Before you pat them on the back for their great sense of responsibility to the government, let us examine their incentive and who bore the real cost. The reason existing shareholders' stakes were diluted by these hurried equity offerings could be attributed to corporate executives' intent to once again collect the bonuses they had grown accustomed to over the years. You see, just before these slick maneuvers occurred, the government decided no TARP baby could pay bonuses to their executives. So, the entire nursery made a break for it.

I think you can see why I am not in perfect opposition to the President in this case, but I will explain now why I disagree with this method of engagement. Free market capitalism works best when the game is played fairly. When one team cheats, it does not improve the game if the other does as well. In other words, two wrongs do not make a right. We should not impose surprise taxes on the shareholders of these firms. What we should have done is taken equity stakes in the firms, enough to ensure bonuses would not be paid out. Casting a broad net is unfairly catching goldfish along with the sharks. Firms have been discriminately selected based on their size alone, and some of these organizations were forced to take part in TARP while others did not have as dirty hands as those we seek to punish.

Maybe though, it takes some naivete' to get great things done, and perhaps this is just the cost we bear for it. It is possible that shareholders might punish their corporate leadership and improve corporate governance as a result of this bill, should it pass into law. What our government should really be seeking to do, is to change the way corporate executive compensation is determined. If Americans disagree with the amount of compensation executives make, than the system of determination must be flawed. Otherwise, why do the shareholders of these firms, which are inclusive of Americans, continue to elect and agree to such payments?

The destructive effect of this Presidential proposal is to raise uncertainty around this government. In the eyes of the investment community, it is now unpredictable. Investors and corporate America will worry that the government makes rules up as it goes along, and therefore cannot be trusted. The stock market is a great judge of value, and though it was slow to catch on to the agenda this time, as the President announced another action this week to go along with his new tax, stocks rediscovered volatility. I am sure the Administration does not seek to do more harm than good, but this action is poised to, in my view.

"It is also in reality the integrity of our government and financial markets that we place in peril."

Political will has shown itself to be soft through this economic crisis, and so I anticipate our elected leaders will cave like jellyfish to populist sentiment that stands strongly against the proverbial “Wall Street;” though it is in reality 50 big banks we speak of. It is also in reality the integrity of our government and financial markets that we place in peril.
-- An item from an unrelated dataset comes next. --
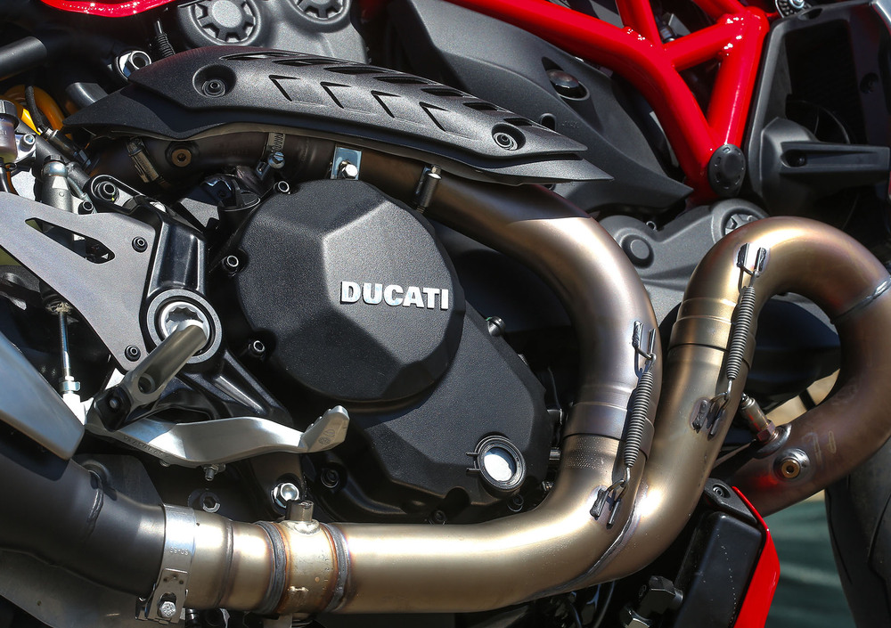 La Monster 1200 R monta una nuova versione del Testastretta11°DS da 1198 cc, che vede salire la potenza massima a 160 cv a 9.250 giri/min, quindi una quindicina in più rispetto a quello che equipaggia la versione “S”. La coppia massima é 13,4 kgm a 7.750 giri/min, circa 500 giri più alta della versione meno potente (a 3.500 giri è già disponibile il 75% della coppia), mentre il rapporto di compressione sale da 12.5:1 a 13:1 grazie a una nuova guarnizione dei cilindri più bassa. Le modifiche principali hanno riguardato l'impianto di scarico con collettori da 58 mm di diametro (+8 mm) e un terminale di scarico inedito di maggior volume. A far respirare a dovere il bicilindrico ci pensa un corpo farfallato ovale, che prende il posto di quelli circolari da 53 mm, con un diametro equivalente di 56 mm. Il cambio è a sei rapporti, con frizione antisaltellamento azionata da una pompa radiale Brembo, quest'ultima mantiene il sistema di asservimento progressivo, molto apprezzato in quanto alleggerisce lo sforzo di azionamento. Anche gli interventi di manutenzione rimangono gli stessi delle versioni meno potenti, con intervalli di manutenzione ogni 15.000 chilometri o 12 mesi, e la regolazione del gioco valvole ogni 30.000 chilometri.

Bloomberg took a survey of its subscribers that showed 77% of investors and analysts view the President as anti-business, which may perhaps be a side effect the Democrats had not anticipated. Still, investors and analysts do not comprise the entirety of the nation, as 52% of Americans said Obama struck the right balance.
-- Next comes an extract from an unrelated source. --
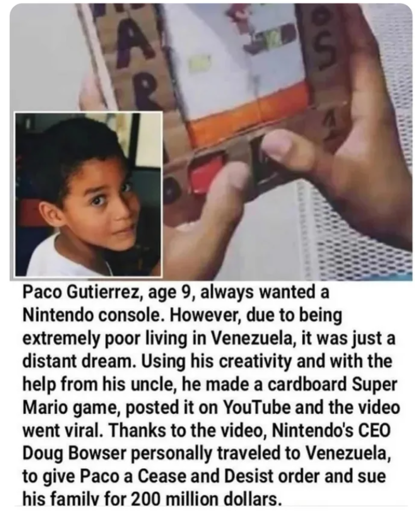 It’s from 2021. The kid did make the fake Nintendo from a box, but he wasn’t given a cease and desist letter, he wasn’t sued by Nintendo, and he also didn’t receive a Nintendo. Nothing else happened.

The idealist in me doubts a bill like this could pass through Congress, but the realist, who knows what short length political will extends, worries it might. The only hope for honest capitalism to remain unmolested now is if the Democrats only seek to use this initiative as a bargaining chip, to be traded later for another legislative gain. We must not allow this proposal to become law, not for the sake of "responsibility," but for the sake of the integrity of our capitalism.